Jamie Chen had never thought much about food production until her mom was diagnosed with ovarian cancer.
Her mom's doctor recommended organic foods, something Jamie had never heard of. Following doctor's orders, the family went to Whole Foods, but the prices were astronomical compared with the price tags at the local Chinese markets where they usually shopped. She told us, "My dad saw the receipt and immediately said we should never go back."
With the family facing huge medical costs, it was just too expensive.
Eventually, the family found a cheaper, bulk organic place about 25 minutes away from them where they'd stock up on foods for Jamie's mom. It was trial and error for the whole family. She remembers her mom cooking "weird colored rice, which none of us really liked, so she would make two pots — one for her and a mix of white and brown rice for us."

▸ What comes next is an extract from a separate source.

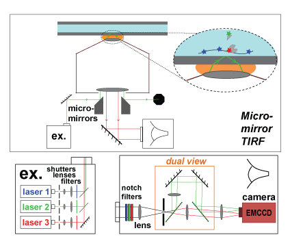 on elongation complex and modulate its activity. In this paper, Larry Tetone, Larry Friedman, and Melissa Osborne, along with their collaborators from the Gelles and Landick labs, used multi-wavelength single-molecule fluorescence methods to for the first time directly observe the dynamic binding and dissociation of an accessory protein with an RNAP during active transcript elongation. The protein, GreB, is important for transcript proofreading in E. coli and other bacteria and is a functional analog of the TFIIS protein in eaukaryotes. “Unexpectedly,” the authors report, “GreB was not selectively recruited to RNAPs requiring its transcript proofreading function. Instead, GreB transiently bound to multiple types of complexes, eventually finding via random search RNAPs that require its activity. The observations suggest a paradigm by which a regulator can act while minimizing obstruction of a binding site that must be shared with other proteins.”

The entire experience was an aha moment for Jamie that set the wheels turning. She started thinking about food and where it was produced.
Fresh produce can be expensive — even more so for anyone seeking organic foods, which can cost up to 47% more than the alternative.
If a family is already struggling to pay its bills, advice like Jamie's mom got from her doctor is just not feasible. Growing your own food can help, but many people don't have access to the resources and skills needed to garden.
So when Jamie heard about La Mesa Verde, she knew she had to get involved.
The gardening community La Mesa Verde empowers families by providing them with access to food and skills.
Their target group? Low-income families who want to eat better but can't afford to do so. Located in San Jose, California, La Mesa Verde is ready and willing to help — since their founding in 2009, they've built gardens for over 500 families and currently have 120 families actively participating in the program. Jamie is currently the manager at La Mesa Verde.
She told Upworthy, "I saw the immense potential that this community has for building power and making real change in the food system." So she jumped on board.
Through La Mesa Verde, families gain both the skills and knowledge necessary to grow vegetables — allowing them access to fresh, homegrown foods without putting their budgets at risk.
Over the course of a year, families are taught everything possible about growing vegetables and delicious ways to prepare them.
And while they join La Mesa Verde seeking fresh food options, they also find community. Jamie explains, "People help each other out. They go to each other’s houses to plant trees, they share seeds, they share recipes."
Many participants devote so much of themselves to the program and to this way of life that when the year ends, they aren't ready to leave La Mesa Verde behind.
Seeing the community they'd created, La Mesa Verde created a more advanced gardening program for members who waned to remain active beyond the first year. And those members refer their friends, neighbors, and family into the program. And as the community grows, so does its power.
While gardening lies at the core of La Mesa Verde, it's only just the beginning.
When Jamie's mom passed away, Jamie took over grocery shopping and cooking for her family. At the time, she wasn't thinking about activism or community building. She just wanted to heal, and to help her family to heal.
But after meeting with members of La Mesa Verde and hearing about their health struggles, their fight to heal their bodies after cancer diagnosis, and their inability to find affordable fresh produce in their traditional markets, Jamie saw how closely their experiences mimicked hers. She says,
"I see my mom in them, this soft but defiant commitment to having at least some power over what goes into our bodies that have already been damaged. I see hope, too, that we can try together to make real food that doesn't make us sick available to everyone. Cancer can make a family really lonely, so having [the La Mesa Verde] community becomes doubly important when we are sick."
A year ago, La Mesa Verde started a campaign to transform empty lots in San Jose into community gardens. In December 2015, their efforts were rewarded: The push to transform the empty lots was named the third legislative priority for 2016.
Members are organizing and finding out how and where they can effect the most change. And with the size of their community and the lives that they've changed, they'll be unstoppable.